And (3) obtaining the optimal reactive power output of the wind turbine generator and the compensation device under the configuration of the reactive compensation device in the steps (1) and (2) by utilizing the optimization calculation in the step (3) according to the ultra-short-term wind power prediction data, and improving the static voltage stability and the fault handling capability of the wind power plant.

Compared with the prior art, the invention has the beneficial technical effects that:

1. the offshore wind farm reactive power optimization configuration method provided by the invention fully considers the advantages and the disadvantages of the reactive power compensation device, selects a proper compensation point and a compensation mode by combining the characteristics of the offshore wind farm, determines the compensation capacity and the grouping number of the parallel high-voltage reactors through static optimization, and uses P to calculate the reactive power of the parallel high-voltage reactors_DFIGThe n table is used as reference, a switching plan is determined in advance according to wind power prediction data, and the compensation effect of the reactor is improved; and optimizing the compensation capacity of the SVG through a dynamic simulation process, solving the capacity of the minimum dynamic reactive power compensation device by taking the transient voltage stability as constraint, and carrying out low voltage ride through test. The optimization method meets the requirements specified by the offshore wind farm grid-connected technology, reduces the reactive compensation construction cost and ensures the wind powerSafe operation of the field.

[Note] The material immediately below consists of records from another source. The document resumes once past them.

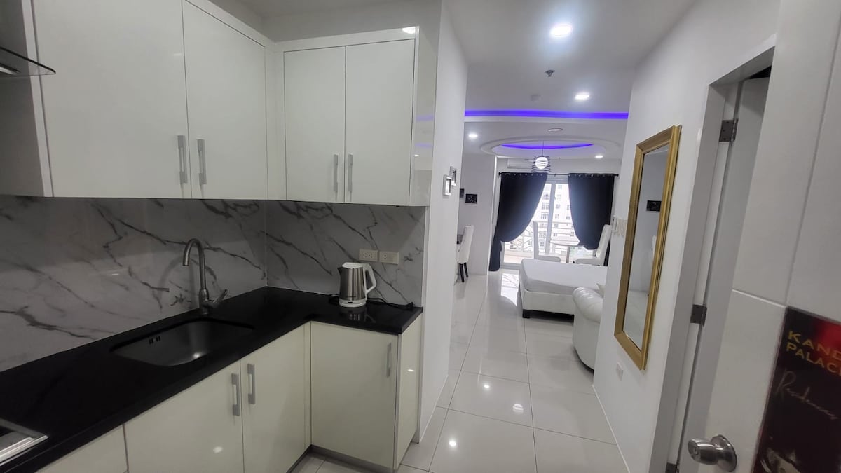 Appartamento appena ristrutturato situato nel cuore della città di Angeles nel complesso Kandi. Il complesso si trova a pochi minuti a piedi da Fields Avenue, SM Clark, a 15 minuti di auto dall'aeroporto di Clark. Con molti servizi all'interno delle aree complesse, come diverse piscine e Jacuzzi, 2 palestre molto ben attrezzate, ristoranti, bar, tavoli da biliardo, minimarket, ecc. Comunità recintata sicura con guardie di sicurezza armate 24 ore su 24. Internet ad alta velocità fino a 500 Mbps. Smart TV con Netflix gratuito e canali internazionali
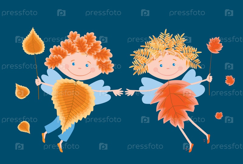 Векторное изображение веселых осенних эльфов
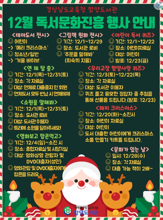 함양도서관과 2022년 마무리 함께해요!- 함양도서관, 12월 독서문화진흥행사 운영 -최정현 기자 / |
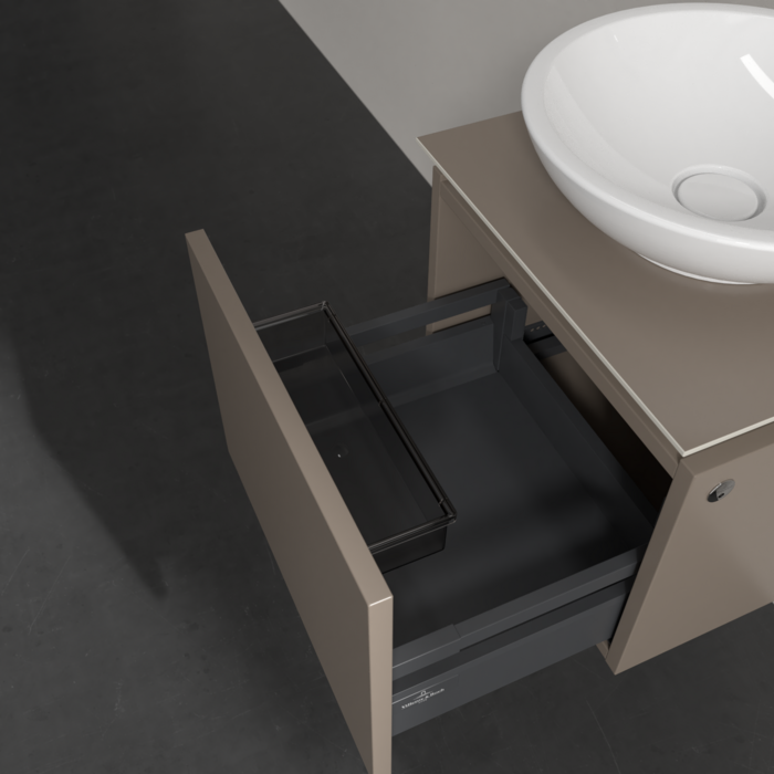 Практичні внутрішні перегородки. Продумані внутрішні перегородки у меблях для ванної кімнати Villeroy & Boch дозволяють індивідуально підтримуватипорядок у ванній кімнаті. Різні елементи, такі як регульовані скляні перегородки та ящики для різних розмірів аксесуарів, забезпечують порядок і хороший огляд.
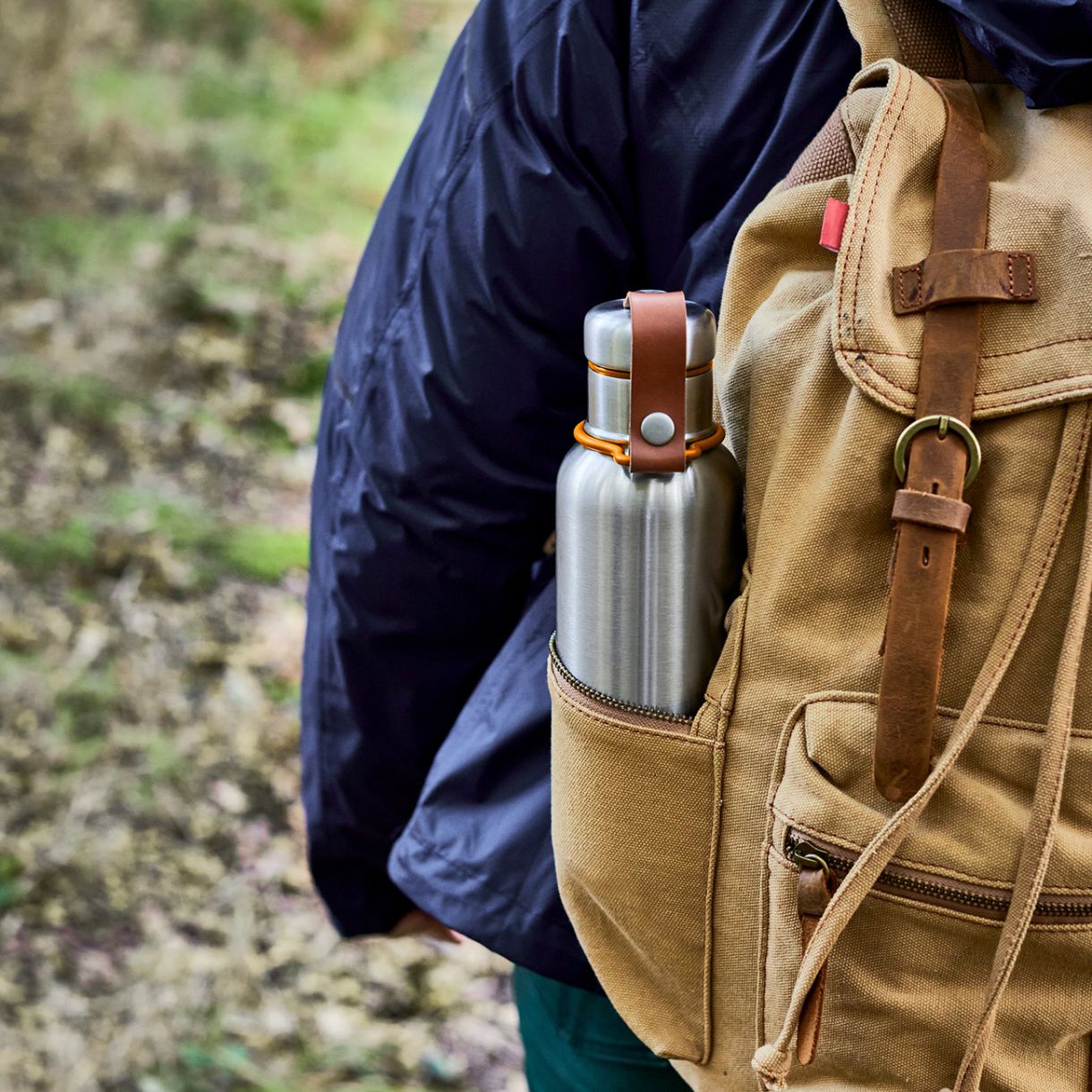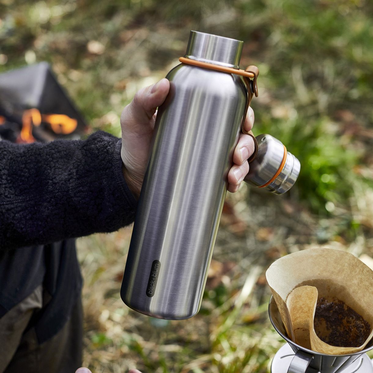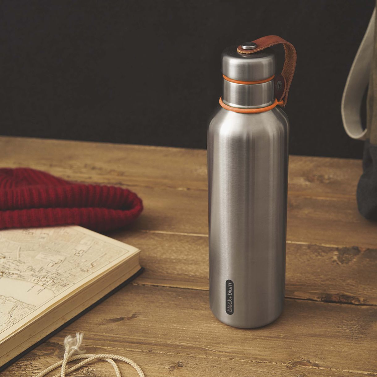 Тази двустенна бутилка ще поддържа напитките студени за 24 часа или горещи за 12 часа. Изработена е от неръждаема стомана, силикон и изкуствена кожа от английската компания Black+Blum.
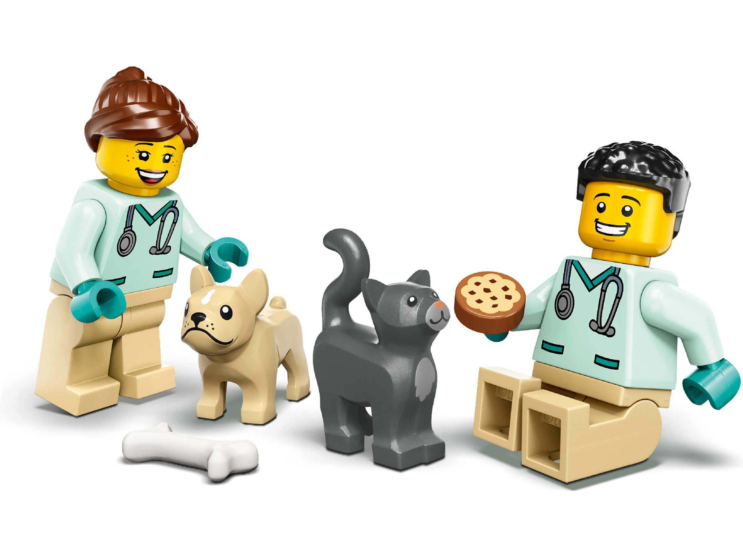 - Fantasifull lek – barn kan stelle syke kjæledyr på båren før de plasserer dyrlege-minifigurene i førerhuset og kjører dyrene til nærmeste dyreklinikk
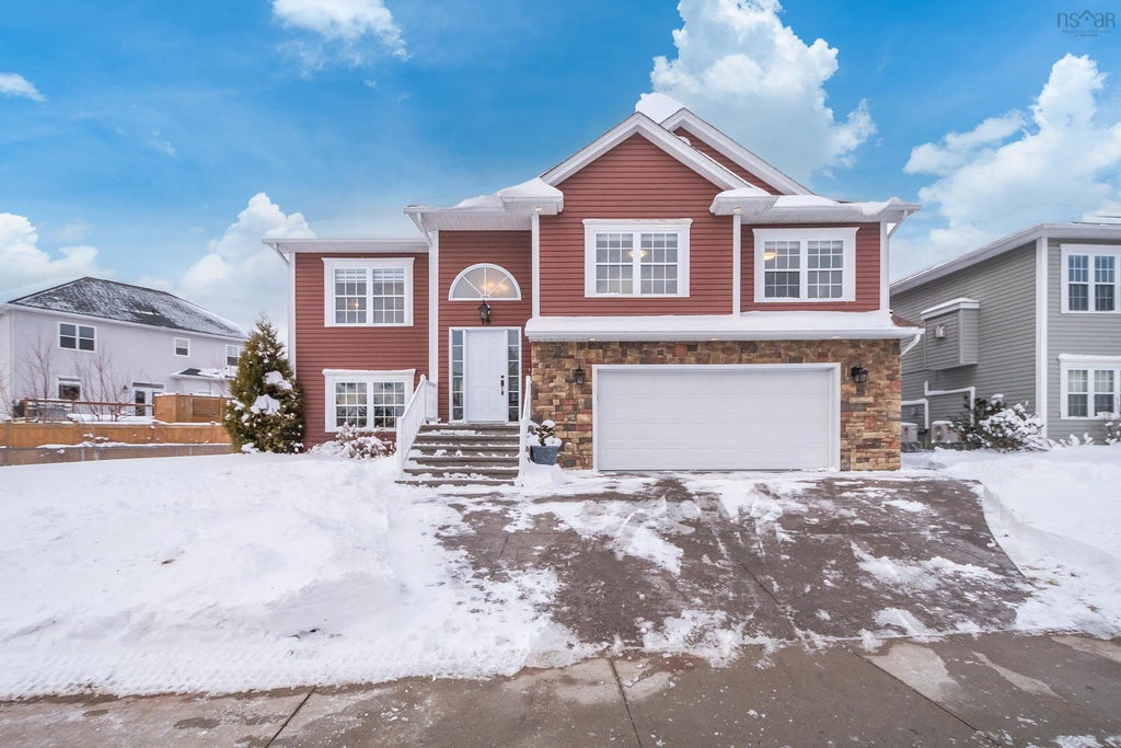 Set on a quiet cul du sac in Royal Hemlocks, you're going to fall in love with this one owner split entry. Built with quality by Gerald Mitchell Homes and meticulously maintained, this home seamlessly combines modern design with practical living! Enjoy easy access to the trails of Hemlock Ravine Park, overlook Cabin Lake from your back deck, and effortlessly access the many amenities of Larry Uteck drive. As you ascend into the main level, you're greeted by an open-concept layout that effortlessly connects the living, dining, and kitchen areas. The vaulted ceilings in the living and dining room enhance the sense of space, and large windows flood the area with natural light. The cozy propane fireplace adds warmth and ambiance to the space. The kitchen boasts a large island with ample seating, making it a focal point for both cooking and socializing. Step outside through the dining room onto a spacious composite deck, complete with a pergola, providing a perfect spot for outdoor relaxation and entertaining. Rounding off the main level is three bedrooms and 2 bathrooms, including a luxurious primary bedroom boasting two closets and an ensuite for ample privacy. Downstairs is access to the fantastic heated double attached garage. With epoxy floors, this clean and functional space can easily double as a home gym, mudroom, or whatever your heart desires. An additional large bedroom, generous rec room, and a third full bathroom combined with laundry complete the lower level, offering flexibility and space for various activities. Efficient heating and cooling are ensured by the electric ducted heat pump, providing year-round comfort while keeping energy costs in check. Outside you'll find a beautiful exposed aggregate driveway, large grassy front yard, and a super sweet backyard for the family to play and relax under the shade of the chestnut trees. Don't miss the chance to get in the fabulous neighbourhood!
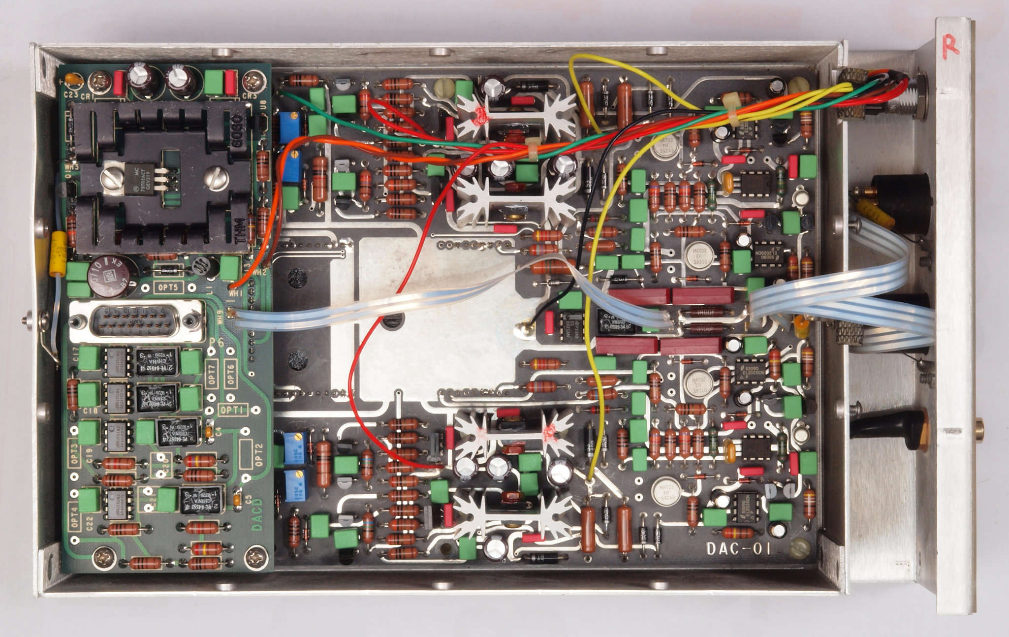 | C21. 修理中 右側アナログAMP入力基板。電解コンデンサーが交換されている。 | ||||||||||||||||||||||||||||||||||
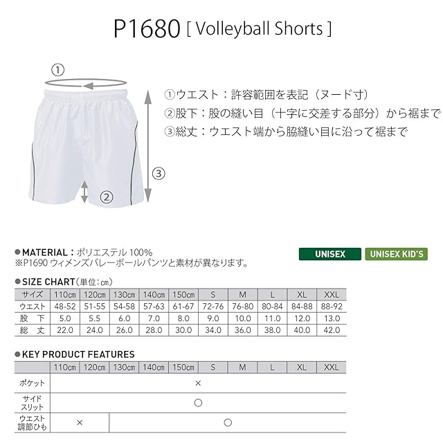 wundou(ウンドウ) P-1680バレーボールパンツ P-1680 60ホワイト×ダークグレー 150
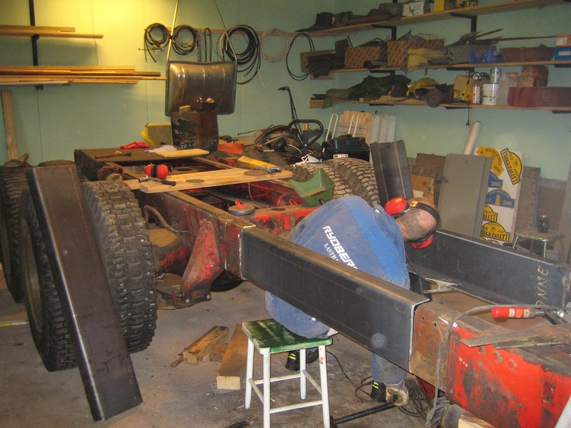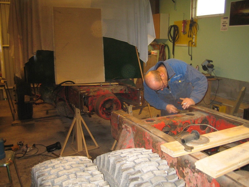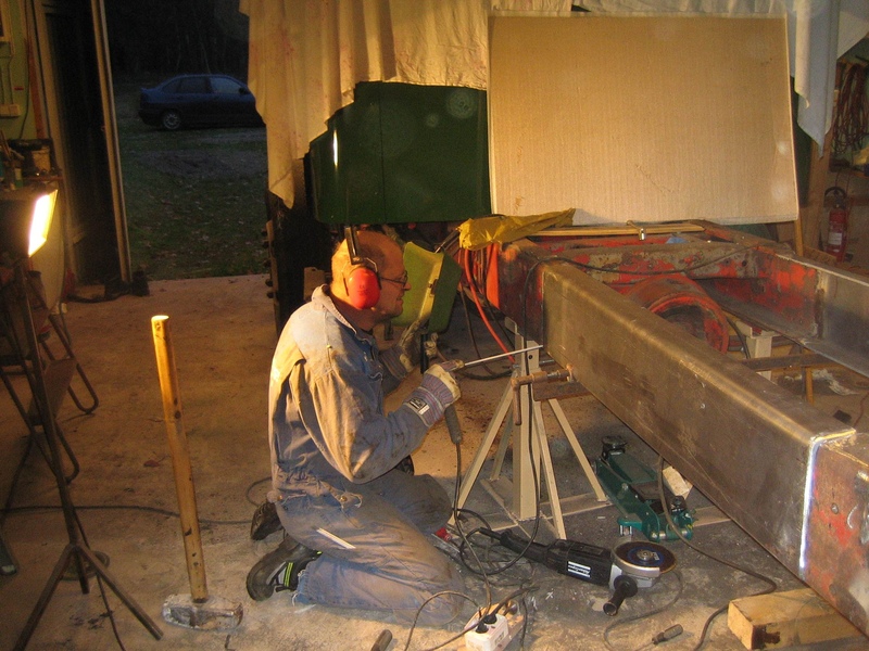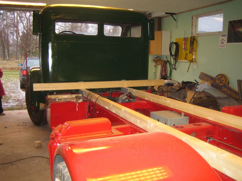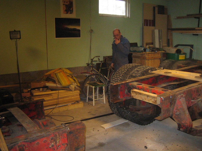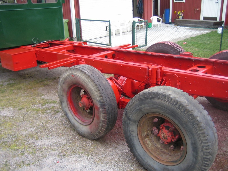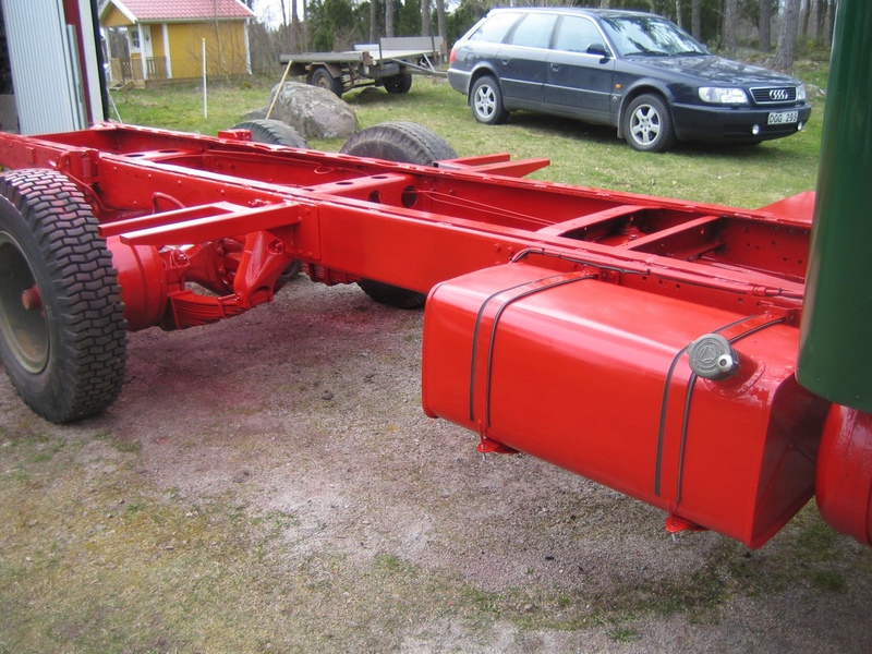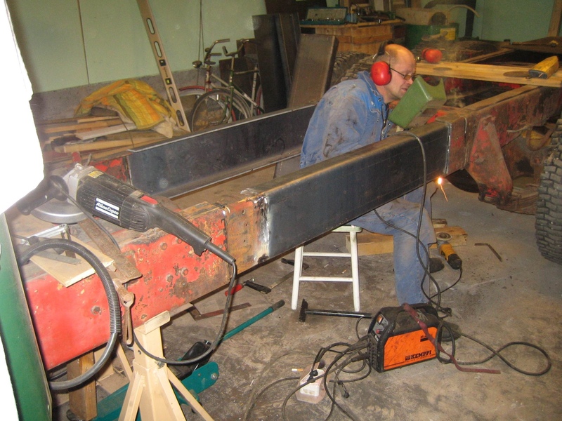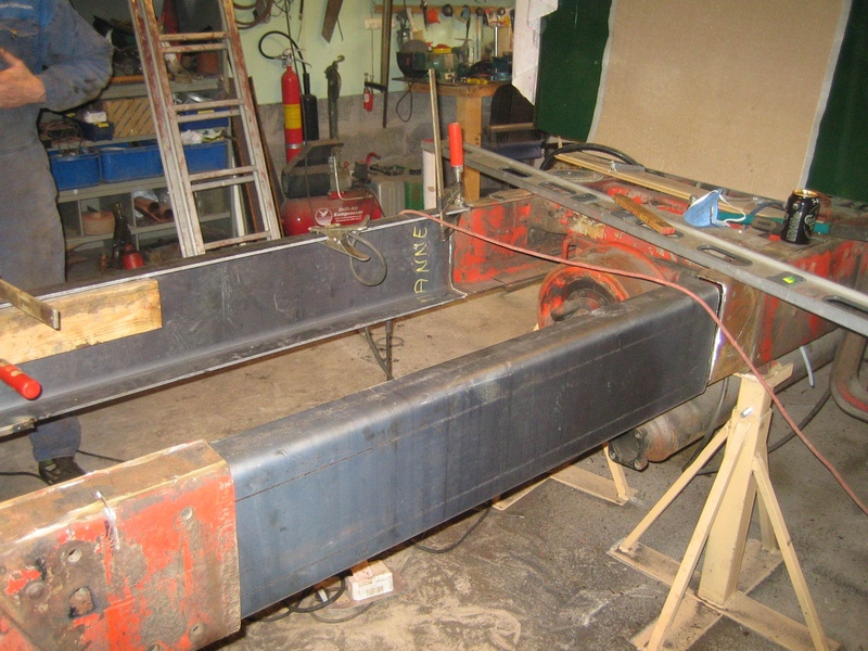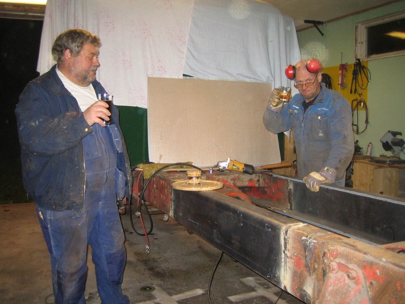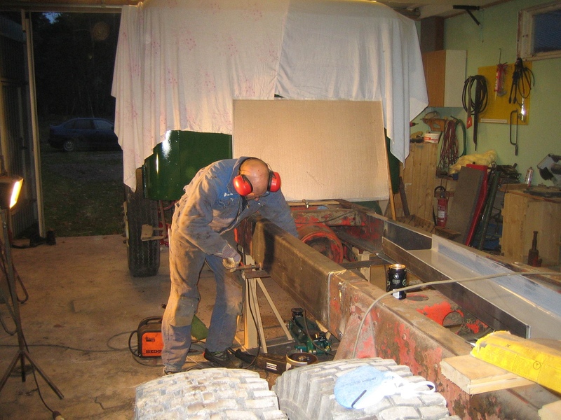 Jul/nyår 2008/2009, dags för påbyggnad. Observera dragbalken med fästen för säkerhetskedjor. Fabrikat Br Forss.

2. The offshore wind power plant reactive power optimization configuration method provided by the invention fully utilizes the reactive power regulation capacity of the wind turbine generator, aims to improve the static voltage stability, reserve the SVG reactive power margin and reduce the active network loss on the basis of optimizing the capacity of the reactive power compensation device, optimizes the reactive power output of the wind turbine generator and the reactive power compensation device by using an artificial intelligence algorithm, coordinates and distributes the reactive power output of the wind turbine generator and the SVG device, and improves the fault handling capacity while reducing the comprehensive operation cost.

Drawings

FIG. 1 is a diagram of the structure of an offshore wind farm in an embodiment;

FIG. 2 is a diagram of reactive power output limit of the doubly-fed wind turbine;

FIG. 3 is a voltage waveform diagram of a grid-connected point, a booster station and a wind turbine generator terminal in an SVG capacity optimization simulation process;

FIG. 4 is a waveform diagram of active power output, reactive power output and SVG reactive power output of a wind power plant in the SVG capacity optimization simulation process;

FIG. 5 is a voltage waveform diagram of a grid-connected point and a wind turbine generator terminal in a low voltage ride through simulation process;

FIG. 6 is a waveform diagram of wind power plant output active power and wind power plant reactive power in a low voltage ride through simulation process;

FIG. 7 is a sectional view of a predicted wind power curve;

FIG. 8 is a graph of grid-connected point voltage and wind turbine generator terminal voltage at the first two time periods;

fig. 9 is a first two-period wind turbine generator and SVG reactive power force diagram.

Detailed Description

The present invention will be described in further detail with reference to the accompanying drawings and examples.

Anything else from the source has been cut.